The compounding effect is the real story. Teams with safe, fast releases improve their software continuously, because improvement is cheap. Teams with risky, manual releases stop improving, because every change is a gamble. Twelve months later, one application has had fifty small upgrades. The other has had three big scary ones and a growing list of “we should really fix that someday.”
The cost of setting this up at build time, inside a project like ours? Roughly a day of work within a 4–8 week build. The cost of retrofitting it two years later, after the application has grown and nobody remembers the deploy steps? Considerably more, and that’s if anyone bothers.
Three questions to ask any software developer
If you’re hiring anyone to build custom software, us or not us, three questions sort the field quickly.
- “Walk me through how a change gets to production after launch.” The answer should be a process, not a person. If the answer is “I deploy it,” ask what happens when they’re on vacation.
- “If a release breaks something, how do we get back to the version that worked?” The answer should involve a rollback measured in minutes, not a debugging session measured in days.
- “Will I be able to see the history of every change?” The answer should be yes, in a repository you own. If the history lives somewhere you can’t see, so do the problems.

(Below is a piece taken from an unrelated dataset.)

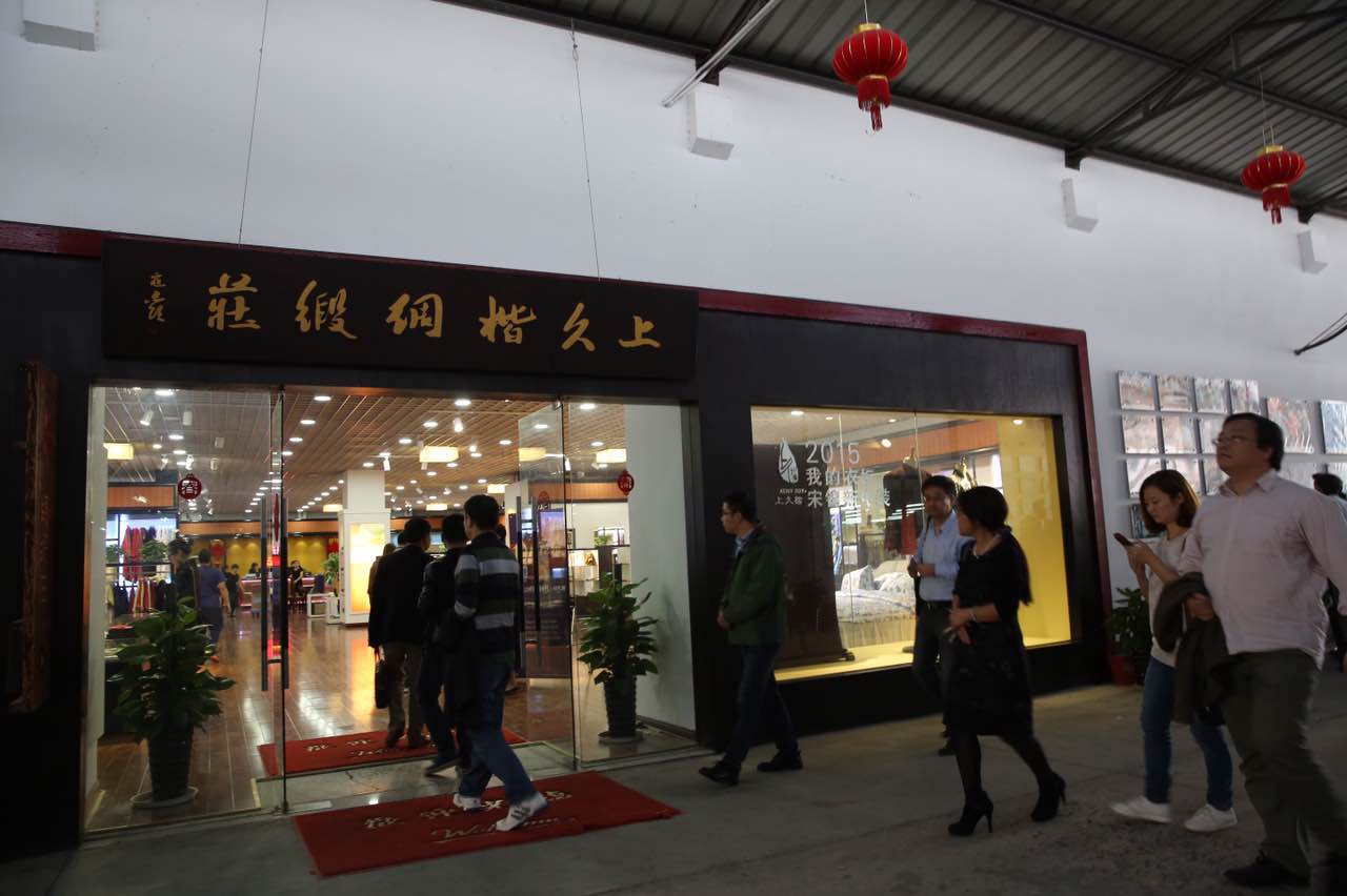 抵达盛泽后,苏豪传媒单凤艳副总经理带队参展商参观非遗宋锦馆,零距离触摸APEC领袖风采,分享国礼之尊。随后参观了先蚕祠、华佳丝博园,了解绸都丝韵水乡,感受中国纺织名镇,流行面料发布基地对丝绸的膜拜。
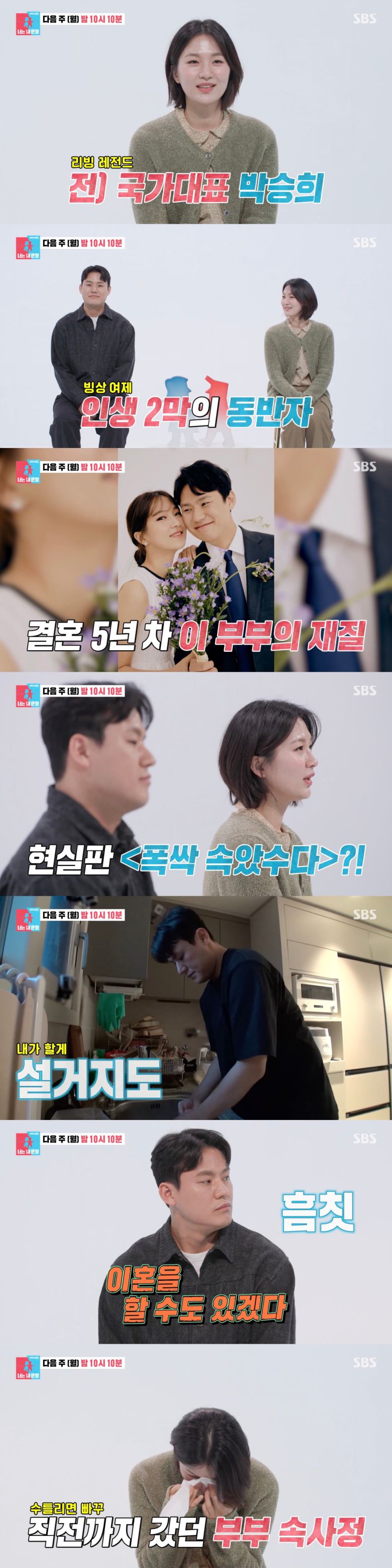 박승희는 "결혼 생활이 마음대로 잘 안 되더라. 이게 해결이 안 되면 이혼을 할 수도 있겠다는 생각까지 했다. 항상 그 문제 때문에 스트레스를 받았다"라며 두 사람 사이에 무슨 문제가 있음을 고백했다.

None of these questions require you to know how to code. They’re the same questions you’d ask any contractor: how do you do the work, what happens when something goes wrong, and where’s the paper trail.
The quiet part
CI/CD never shows up in a demo. No client has ever gasped at a deployment pipeline. It’s plumbing, and like plumbing, you only notice it when it’s missing, usually at the worst possible moment, usually expensively.
But it’s also the difference between software that gets better every month and software that calcifies the day the developer’s last invoice clears. A build is not finished when the first version ships. The applications that earn their keep are the ones that keep changing safely. And safety, in software, is not a personality trait. It’s a pipeline.